Exercise: Copy the closing run of lines, from the one with "Las imágenes de" through the last line of the listing, exactly and without any pictures.

○ ○ ○

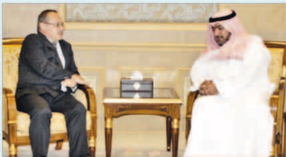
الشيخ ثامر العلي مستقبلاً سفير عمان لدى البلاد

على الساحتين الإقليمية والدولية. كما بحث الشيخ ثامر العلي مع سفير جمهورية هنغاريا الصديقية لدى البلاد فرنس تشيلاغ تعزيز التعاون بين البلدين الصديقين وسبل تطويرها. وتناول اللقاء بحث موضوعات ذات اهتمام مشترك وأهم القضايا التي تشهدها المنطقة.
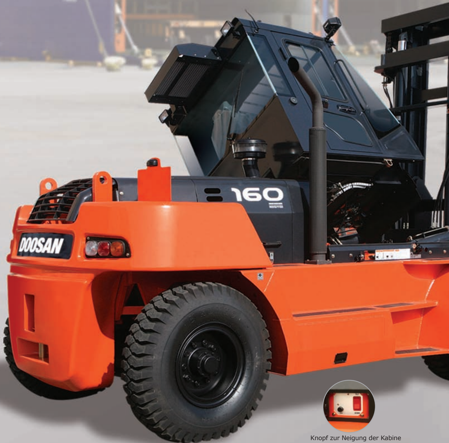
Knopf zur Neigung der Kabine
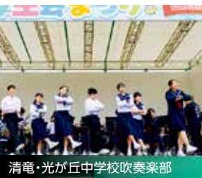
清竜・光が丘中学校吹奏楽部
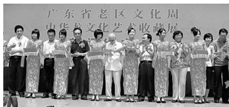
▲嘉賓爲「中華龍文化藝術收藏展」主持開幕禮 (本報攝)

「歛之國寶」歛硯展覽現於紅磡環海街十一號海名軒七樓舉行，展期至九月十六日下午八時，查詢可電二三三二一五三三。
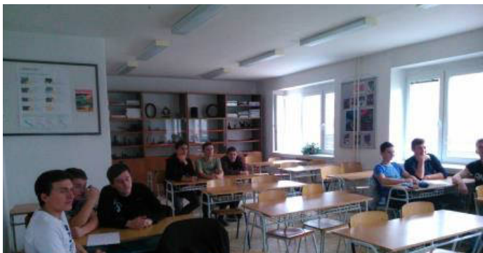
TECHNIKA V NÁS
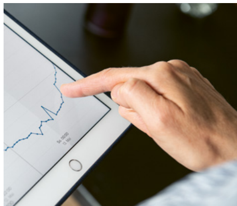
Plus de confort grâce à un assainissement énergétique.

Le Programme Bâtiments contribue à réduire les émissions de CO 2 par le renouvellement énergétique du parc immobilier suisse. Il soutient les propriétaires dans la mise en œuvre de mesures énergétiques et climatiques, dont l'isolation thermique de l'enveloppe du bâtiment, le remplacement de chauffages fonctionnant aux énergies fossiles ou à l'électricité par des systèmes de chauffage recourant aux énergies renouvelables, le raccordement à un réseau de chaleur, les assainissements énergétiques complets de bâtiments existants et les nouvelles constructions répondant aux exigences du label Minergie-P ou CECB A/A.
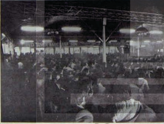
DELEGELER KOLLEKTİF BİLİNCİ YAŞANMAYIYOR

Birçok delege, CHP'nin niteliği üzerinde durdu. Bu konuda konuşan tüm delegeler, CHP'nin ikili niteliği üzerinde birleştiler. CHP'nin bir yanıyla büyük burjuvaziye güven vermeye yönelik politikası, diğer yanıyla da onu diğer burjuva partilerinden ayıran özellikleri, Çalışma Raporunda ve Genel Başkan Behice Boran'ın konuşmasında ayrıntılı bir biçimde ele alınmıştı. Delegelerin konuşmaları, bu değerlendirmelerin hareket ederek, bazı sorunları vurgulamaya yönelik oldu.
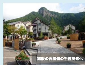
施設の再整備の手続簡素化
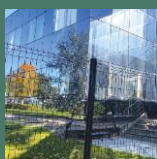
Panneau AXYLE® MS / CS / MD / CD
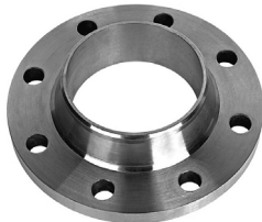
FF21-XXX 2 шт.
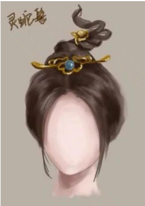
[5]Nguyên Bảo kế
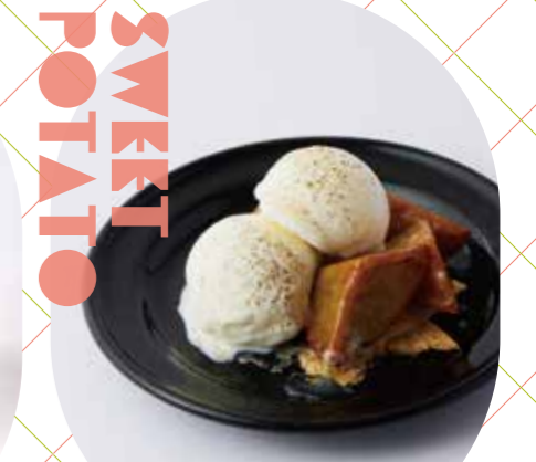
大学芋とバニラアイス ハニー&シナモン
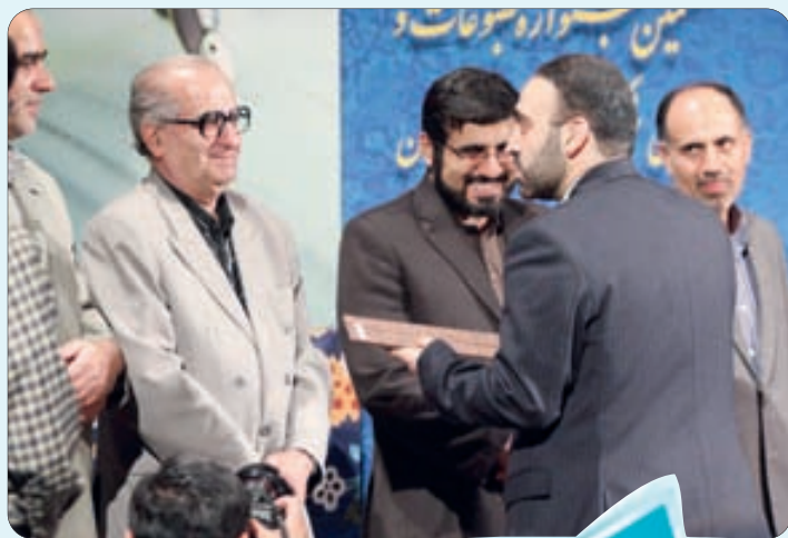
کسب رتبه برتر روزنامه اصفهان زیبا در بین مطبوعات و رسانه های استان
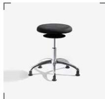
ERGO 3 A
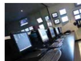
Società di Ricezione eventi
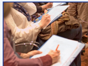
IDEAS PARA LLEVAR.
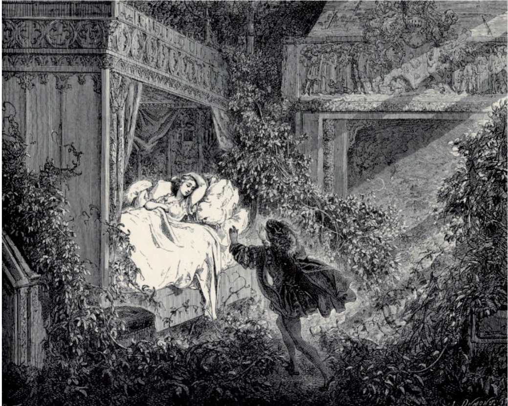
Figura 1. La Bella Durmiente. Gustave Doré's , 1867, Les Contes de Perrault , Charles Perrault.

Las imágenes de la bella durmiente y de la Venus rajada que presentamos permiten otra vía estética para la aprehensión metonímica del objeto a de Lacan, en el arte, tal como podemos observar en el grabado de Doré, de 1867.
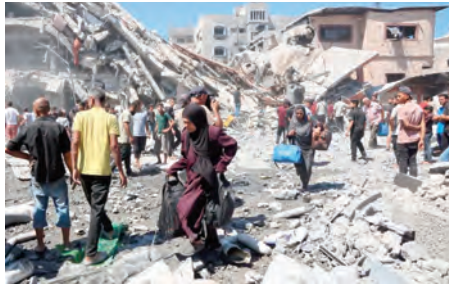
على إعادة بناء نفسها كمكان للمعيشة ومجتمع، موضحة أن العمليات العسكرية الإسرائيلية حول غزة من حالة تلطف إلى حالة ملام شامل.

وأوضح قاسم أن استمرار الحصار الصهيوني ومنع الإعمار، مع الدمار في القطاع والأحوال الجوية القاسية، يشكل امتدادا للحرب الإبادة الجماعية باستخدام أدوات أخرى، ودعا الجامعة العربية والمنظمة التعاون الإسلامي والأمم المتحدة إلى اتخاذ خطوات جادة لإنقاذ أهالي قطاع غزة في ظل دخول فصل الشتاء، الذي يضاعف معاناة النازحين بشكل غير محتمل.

○ ○ ○

Task output:
Las imágenes de la bella durmiente y de la Venus rajada que presentamos permiten otra vía estética para la aprehensión metonímica del objeto a de Lacan, en el arte, tal como podemos observar en el grabado de Doré, de 1867.
على إعادة بناء نفسها كمكان للمعيشة ومجتمع، موضحة أن العمليات العسكرية الإسرائيلية حول غزة من حالة تلطف إلى حالة ملام شامل.

وأوضح قاسم أن استمرار الحصار الصهيوني ومنع الإعمار، مع الدمار في القطاع والأحوال الجوية القاسية، يشكل امتدادا للحرب الإبادة الجماعية باستخدام أدوات أخرى، ودعا الجامعة العربية والمنظمة التعاون الإسلامي والأمم المتحدة إلى اتخاذ خطوات جادة لإنقاذ أهالي قطاع غزة في ظل دخول فصل الشتاء، الذي يضاعف معاناة النازحين بشكل غير محتمل.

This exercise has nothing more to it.